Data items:
┏━━
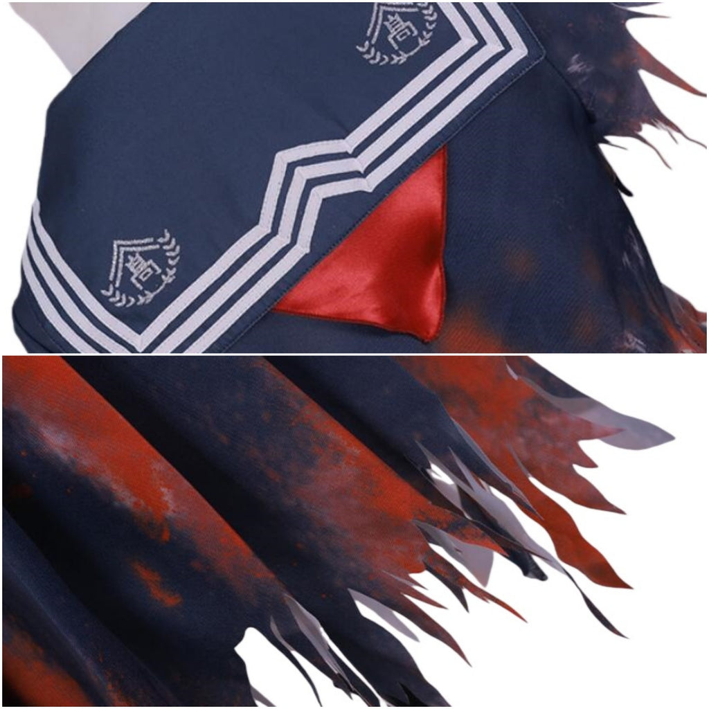 The AwwwCos Game Silent Hill Shimizu Hinako Cosplay Costume Bloodstained Sailor Suit is a haunting and eerie outfit inspired by the Silent Hill series, perfect for creating a chilling Halloween look. The sailor suit is made from dark blue fabric stained with blood, adding to its unsettling atmosphere. The right sleeve appears violently torn, while the skirt is uneven and looks as though it's been ripped, enhancing the distressed and horror-filled aesthetic. The costume is completed with a red bow tie, giving it an extra touch of eerie detail. Ideal for fans of Silent Hill or anyone looking to embrace a terrifying, blood-soaked look for Halloween or cosplay events.
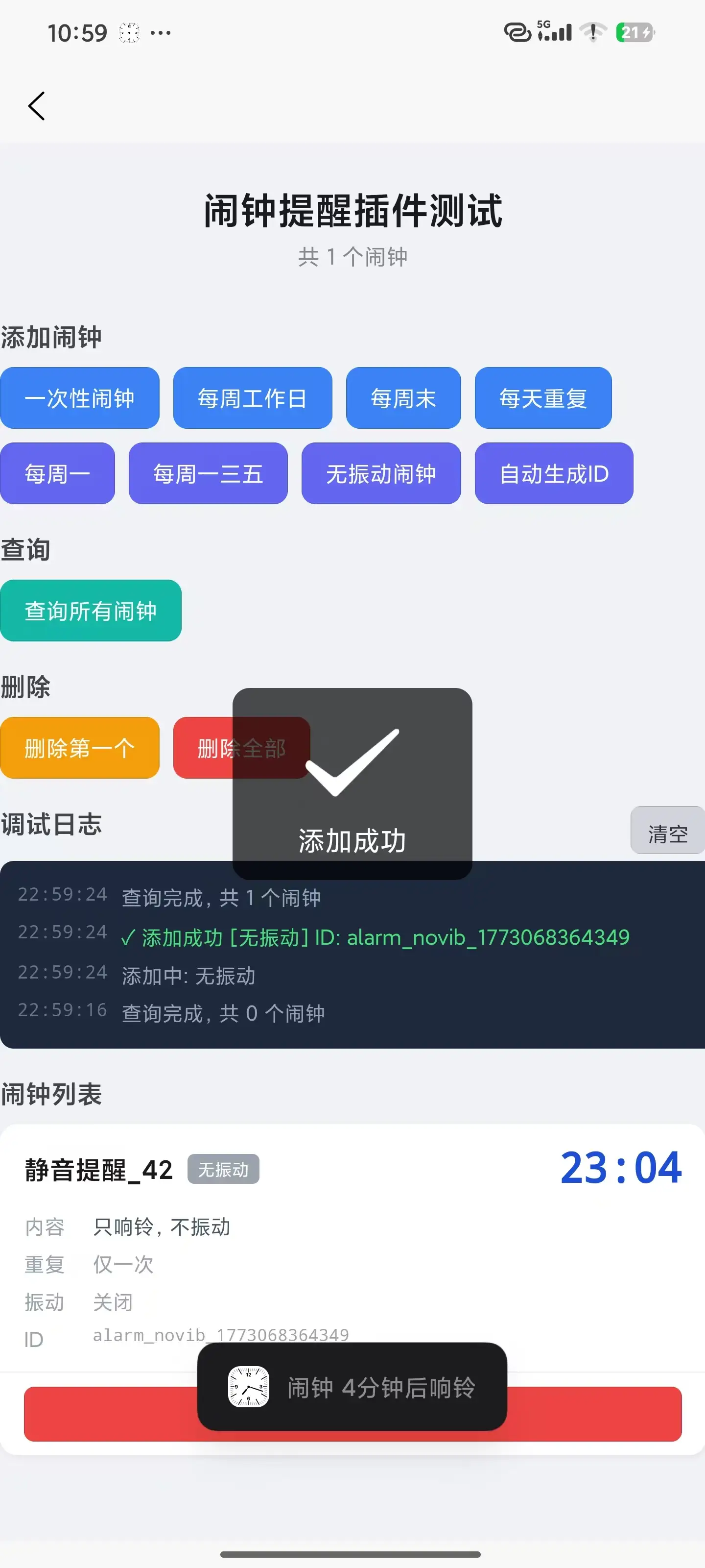 跨端闹钟提醒 UTS API 插件,支持 Android(系统闹钟)和 iOS(本地通知),提供添加、删除、查询闹钟功能。
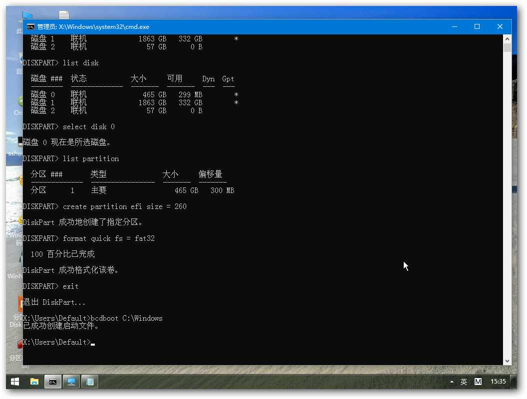 进入PE,打开命令行界面,如果EFI分区还在的话,直接使用如下命令:
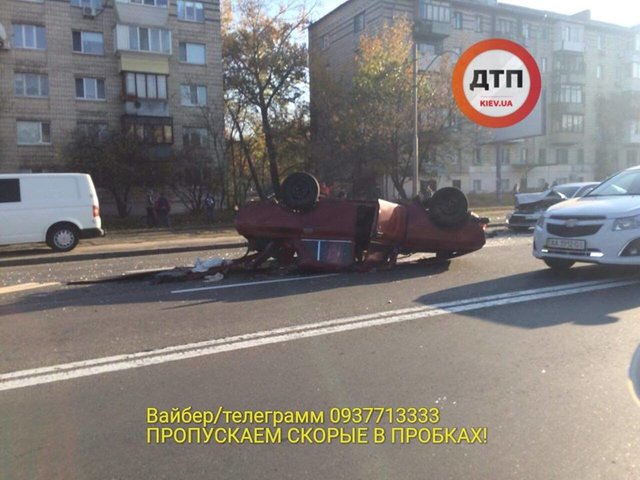Отмечается, что на месте работали медики скорой помощи, полиция и спасатели, которые смывают разлитое топливо с дороги. С обоих сторон к месту ДТП образовалась пробка, в сторону Дарницкой площади автомобили движутся по одному ряду.
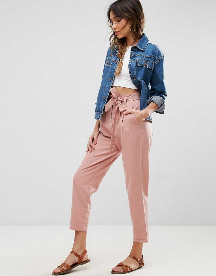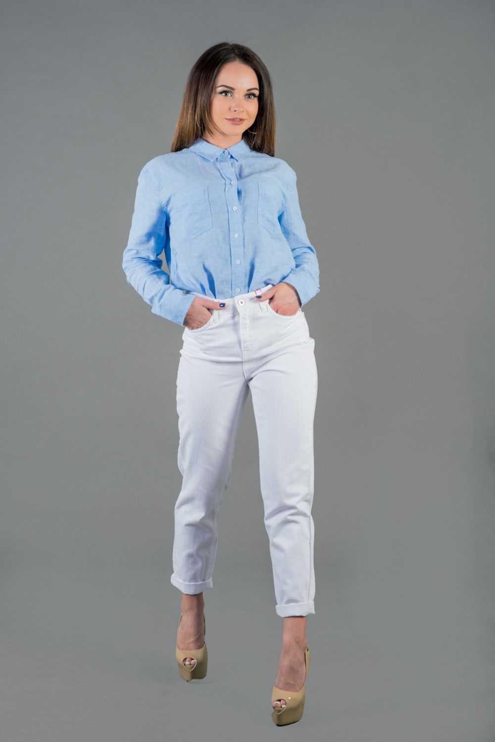 Так как такие штаны обычно шьются из натуральных тканей, их стоит сочетать с верхом из аналогичного материала. Синтетика будет не уместна.
┗━━
What needs to be done
All lines after and including the one with "Отмечается, что на", through the end of the entries above, should be output exactly and by themselves. The pictures are to be left out.

Finished exercise
Отмечается, что на месте работали медики скорой помощи, полиция и спасатели, которые смывают разлитое топливо с дороги. С обоих сторон к месту ДТП образовалась пробка, в сторону Дарницкой площади автомобили движутся по одному ряду.
 Так как такие штаны обычно шьются из натуральных тканей, их стоит сочетать с верхом из аналогичного материала. Синтетика будет не уместна.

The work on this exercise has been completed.